Chapter 540: I can't figure it out at all

How to say it now, what else can I think, what should I think, it seems to be really boring, I really don't have anything to say, but what else can we think about now, it seems that there is nothing to ask, what should we think about, there is really nothing to think about, what is going on, in fact, I don't know anything, what can I ask, what else can I think about, I don't know, what else can I ask, I really don't know what the situation is, I don't know what to ask, I really don't know what to ask, what do you have to think about life, I really don't know what the situation is, I don't understand, what the hell is going on.

It's really speechless, I have nothing more to say, therefore, everything is empty talk, and there is no special meaning in my life now, and I don't know what to think, what is going on, I don't know what the situation is. Perhaps, this is life, what else can I ask, there is no more, is there really nothing to say, I am really too tired, and I have nothing to say, I am just getting more and more tired.

How should I think about this problem, what do I think is the essence of the problem, I really have nothing to say, I don't have anything to think about, maybe, it's really the case, this method is also the best way to do it, Xia Lang's mood became very low, I don't know how to think about the problem at all, is everything a dream, I don't believe it, and I have no choice, what's going on, what else is there to say.

I suddenly felt so tired, and I didn't have anything to think about, let's just say it, there is really nothing to ask, how to think, maybe, there is nothing to think about, what is going on, I really don't know anything, Xia Lang feels that his thoughts are confused, what else can I think, I don't know what I'm doing, I don't know what I'm thinking, maybe, these things have never had anything to do with me, what can I think of, I really don't know what to think, what's going on, there's nothing to think about at all, I'm just getting more and more tired, there is nothing to say, perhaps, so many things, has never had anything to do with me, if this is really the case, I have nothing to say, but, why these things are related to me, I don't know, let alone understand, what to say, just feel so tired, really tired.

What should I do now, or, do nothing? I don't know, I don't really understand, maybe, there are a lot of problems, not I can solve them in a few words, Xia Lang's heart is also clear, and he also knows very well, what to do, what else can I think, I don't know what to say, what's going on, I'm so tired, I really don't know anything, or, it has never been related to me.

What else can I think, what else can I ask, everything has nothing to do with me, I'm really tired, there's nothing more to say, what to think, I don't know, even if I know, it doesn't matter to me, what can I ask, what is there, why don't I understand anything, I just feel more and more tired, I can't figure out anything at all, what is going on, what can I say, what can I think about.

Now, there is nothing I need to understand, what else can I think about, I don't know, I don't know how to speculate, everything should be thought of, really nothing has anything to do with me, what's wrong with me, I think about these questions every day, it's really not interesting, what should I think about, is everything that makes me feel broken, why am I living so tired, there is nothing I can think about at all, there is nothing I can say, just as everything does not exist, I feel that the more I live, the more tired I become, and there is no good mood。

Just as he was thinking like this, the others were also staring blankly, there was nothing to say at all, everything was devastating.

What else to say, Xia Lang doesn't know, let alone what else can be said, how to think specifically, Xia Lang is also very confused, and there is nothing to say, what kind of world is it.

It's really speechless, Xia Lang doesn't want to speak, and there's nothing to say, what is the situation that will make him encounter this kind of thing, I don't know anything, let alone understand, how can I say all this, I really don't know anything, and I won't understand what all this is about, is everything because I feel too tired, what else can I say, I don't know anything, why let me bear all this.

It's a tired life, Xia Lang doesn't know what to say, and he doesn't understand what else to say, is it all wrong things, the punishment that should be given, what else can I say.
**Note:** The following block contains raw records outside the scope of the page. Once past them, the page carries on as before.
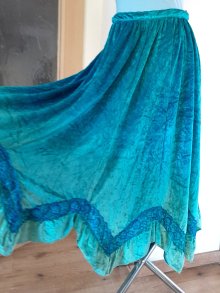 Wunderschöner, blaugrüner Vintage Samtrock mit Spitze, Gr.XS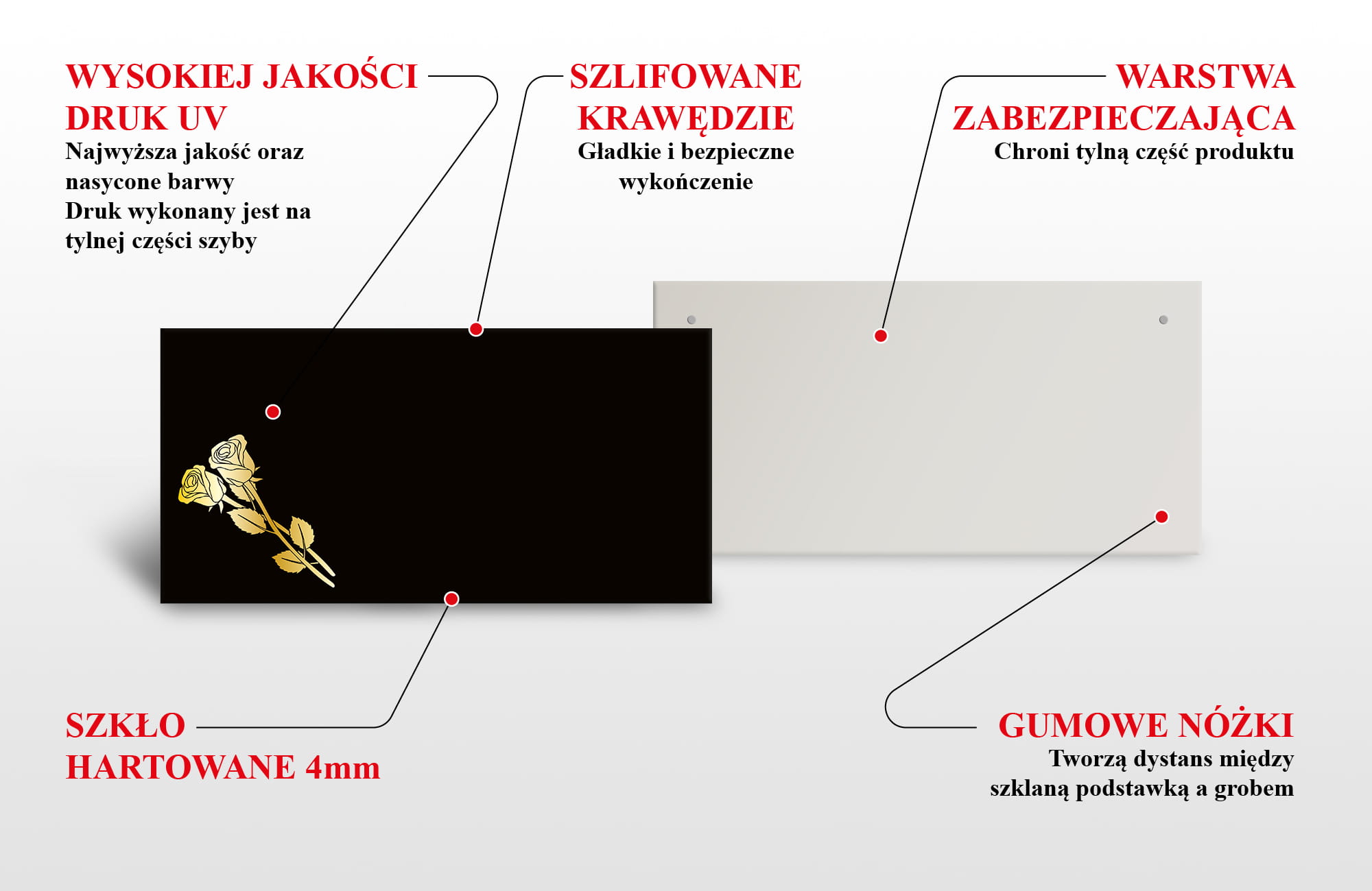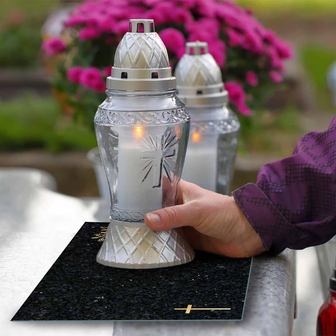 - Trwałość - podstawka pod znicze wykonana jest z certyfikowanego szkła hartowanego.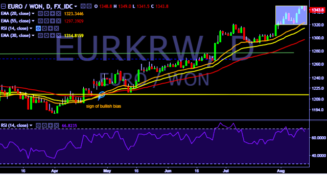 We prefer to take short position on EUR/KRW around 1,345, stop loss at 1,351 and target of 1,337/1,325.
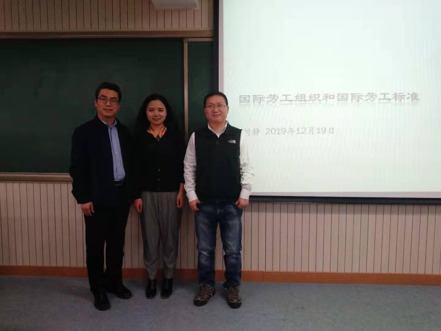 2019年12月19日下午,人社部高级公务员培训中心刘静副处长做客我院,在主教519教室作主题为“国际劳工组织与劳工公约的现状与发展趋势”的学术讲座。讲座由中央财经大学劳动法和社会保障法研究中心主任沈建峰教授主持,副主任李海明副教授参加,一百余人到场聆听。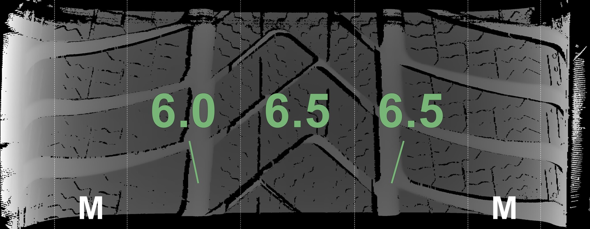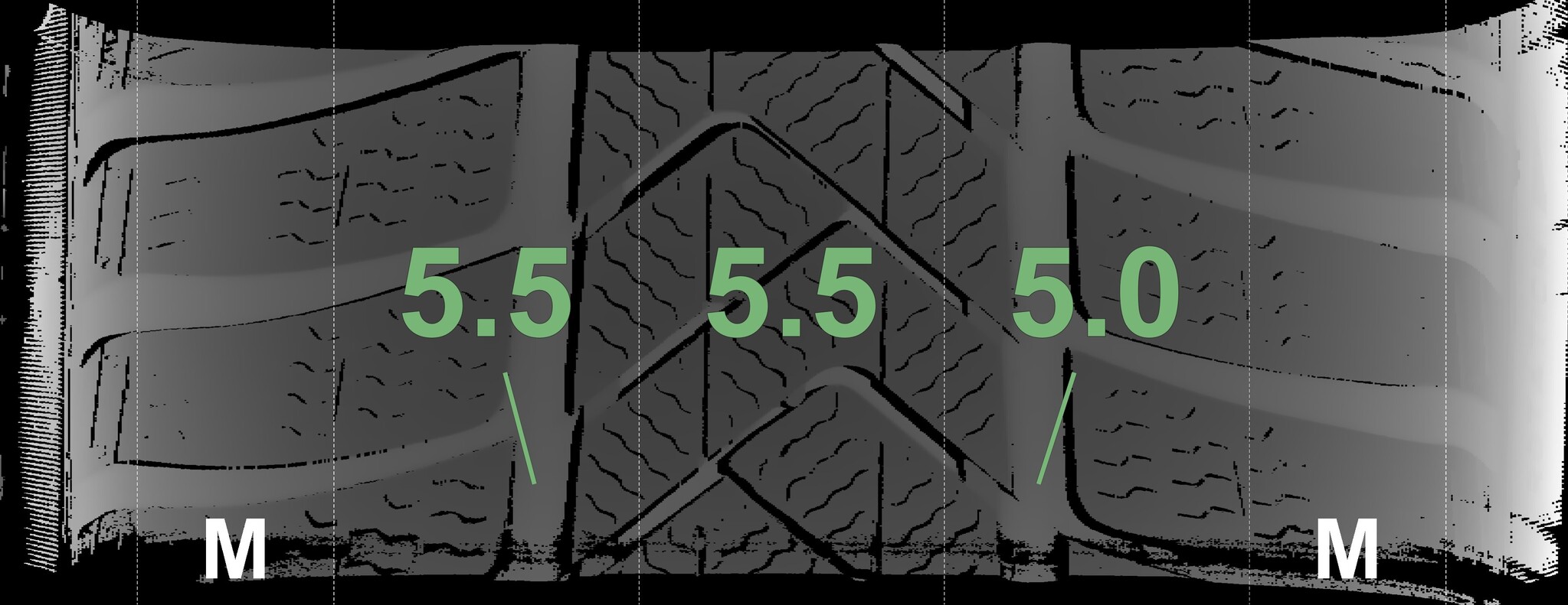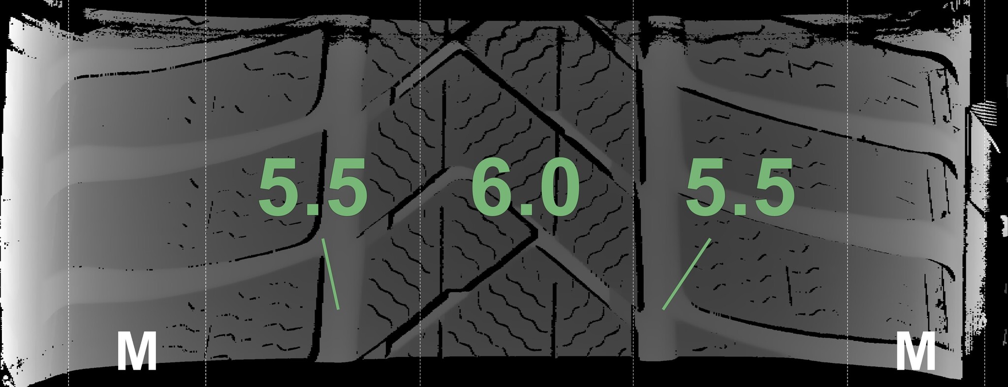 The measured tread depths and the details of the rims are shown above.

Xia Lang doesn't say anything now, he doesn't want to think about anything, and he doesn't understand what everything is for now, what else can he say, or what is all this for, is everything my fault? Maybe, I don't know what to say, and I don't understand what else can be said, it's just that life is too tired, what else can I ask, and I don't know what else to say in the future, so I forget about these things.

But if I hadn't forgotten this, what could I say, was it all my fault? Did I really do too many things wrong, what else could I ask, everything made me feel very unnatural, very tired, I really didn't have anything to say, just forget all these things, these things have always made people feel speechless.

These things are really nothing to think about, and these things are particularly heartbroken, Xia Lang's emotions are repeated, and I don't know how long I can support it, everything is quite speechless now, I don't know what to say at all, how to think about all this, it really makes people feel guilty, what else can I think about, everything is speechless, this world is like this, I have nothing more to say, but, even so, we still have to fight, otherwise, it will only be true。

It's just, what else can we say about this, I really don't know anything, Xia Lang's mood is really difficult to get better, everything now, what can be said, I don't understand.